On the matter of exhaustion of administrative remedies, TERELAY asserts that the petition for mandamus filed by Cecilia Yulo was premature because she failed to exhaust all available remedies before filing the instant petition. The Court disagrees. A writ of mandamus is a remedy provided by law where despite the stockholder's request for record inspection, the corporation still refuses to allow the stockholder the right to inspect. In the instant case, Cecilia Yulo, through counsel, sent a letter request, dated September 14, 1999, for inspection of corporate records, books of accounts and other financial records, but the same was denied by TERELAY through counsel, in its reply-letter, dated September 15, 1999. Appellee Yulo sent another letter, dated September 16, 1999, reiterating the same request but the same was again denied by TERELAY in a reply-letter dated September 17, 1999. Clearly then, appellee Yulo's right is not pre-mature and may be enforced by a writ of mandamus.

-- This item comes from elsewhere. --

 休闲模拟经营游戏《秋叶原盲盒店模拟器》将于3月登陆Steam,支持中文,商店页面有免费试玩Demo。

On the contention that there was no stipulation that Cecilia Yulo was registered as a stockholder, TERELAY asserts that the trial court was misled into believing that there was a stipulation or admission that Cecilia Yulo is a registered stockholder in its stock and transfer book. According to TERELAY, the admission or stipulation was that she was registered in the Articles of Incorporation is separate and distinct from being so in the stock and transfer book. TERELAY's argument cannot be sustained. A careful review of the records would show that in the Preliminary Conference Order, dated May 16, 2000, of the SEC Hearing Officer, both parties represented by their respective counsels, agreed on the fact that petitioner-appellee was "registered as a stockholder in respondent-appellant's stock and transfer book subject to the qualifications in the Answer." The records failed to disclose any objection by TERELAY. Neither did TERELAY raise this matter in the SEC hearing held on August 7, 2000 as one of the issues to be determined and resolved.

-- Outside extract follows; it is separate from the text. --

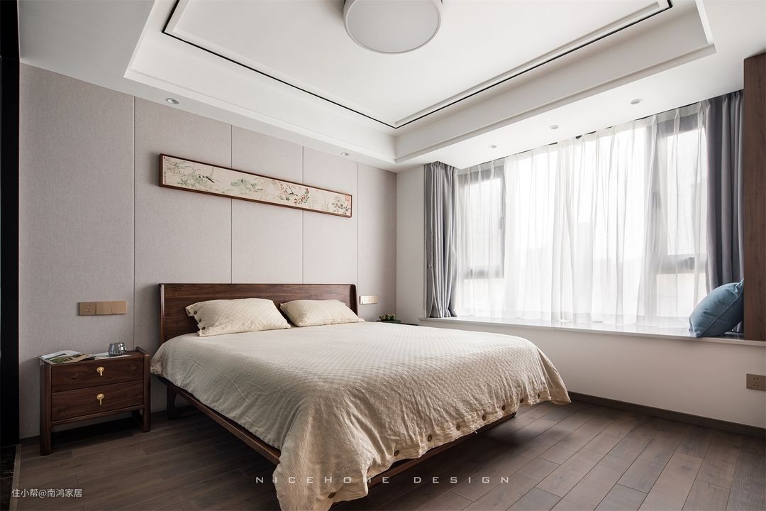 浅色墙包和胡桃色木地板搭建温润雅致的主卧,极简风双人床和中式简约床头柜隐没个性,任凭恬静与舒心自然舒展。
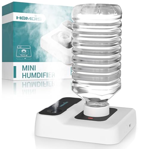 HOMDIS Travel Humidifier, Portable Small Humidifier for Plants, Bedroom, Office, Hotel or Car, 5000mAh Battery Operated Mini Cool Mist Humidifiers, Quiet 23dB, Auto-off, Night Light & BPA-Free, White

TERELAY further points out that her name as incorporator, stockholder and director in the Articles of Incorporation and Amendments were unsigned; that she did not pay for the five (5) shares appearing in the Amended Articles of Incorporation and General Information Sheet of TERELAY; that she did not subscribe to the shares; that she has neither been in possession of nor seen the certificate of stock covering the five (5) shares of stock; that the donation of the five (5) shares claimed by her was null and void for failure to comply with the requisites of a donation under Art. 748 of the Civil Code; and that there was no acceptance of the donation by her as donee. TERELAY further contends that Cecilia Yulo's purpose in inspecting the books was to inquire into its financial condition and the conduct of its affairs by the principal officers which are not sufficient and valid reasons. Therefore, the presumption of good faith cannot be accorded her.
TERELAY's position has no merit. The records disclose that the corporate documents submitted, which include the Articles of Incorporation and the Amended Articles of Incorporation, as well as the General Information Sheets and the Quarterly Reports all bear the signatures of the proper parties and their authorized custodians. The signature of appellee under the name Cecilia J. Yulo appears in the Articles of Incorporation of TERELAY. Likewise, her signatures under the name Cecilia Y. Blancaflor appear in the Amended Articles of Incorporation where she signed as Director and Corporate Secretary of TERELAY. The General Information Sheets from December 31, 1977 up to February 20, 2002 all exhibited that she was recognized as director and corporate secretary, and that she had subscribed to five (5) shares of stock. The quarterly reports do not show otherwise.
Verily, petitioner-appellee has presented enough evidence that she is a stockholder of TERELAY. The corporate documents presented support her claim that she is a registered stockholder in TERELAY's stock and transfer book thus giving her the right, under Section 74 par. 2 and Section 75 of the Philippine Corporation Law, to inspect TERELAY's books, records, and financial statements. Section 74, par. 2 and Section 75 of our Corporation Code reads as follows: x x x
Accordingly, Cecilia Yulo as the right to be fully informed of TERELAY's corporate condition and the manner its affairs are being managed. It is well-settled that the ownership of shares of stock gives stockholders the right under the law to be protected from possible mismanagement by its officers. This right is predicated upon self-preservation. In any case, TERELAY did not adduce sufficient proof that Cecilia Yulo was in bad faith or had an ulterior motive in demanding her right under the law.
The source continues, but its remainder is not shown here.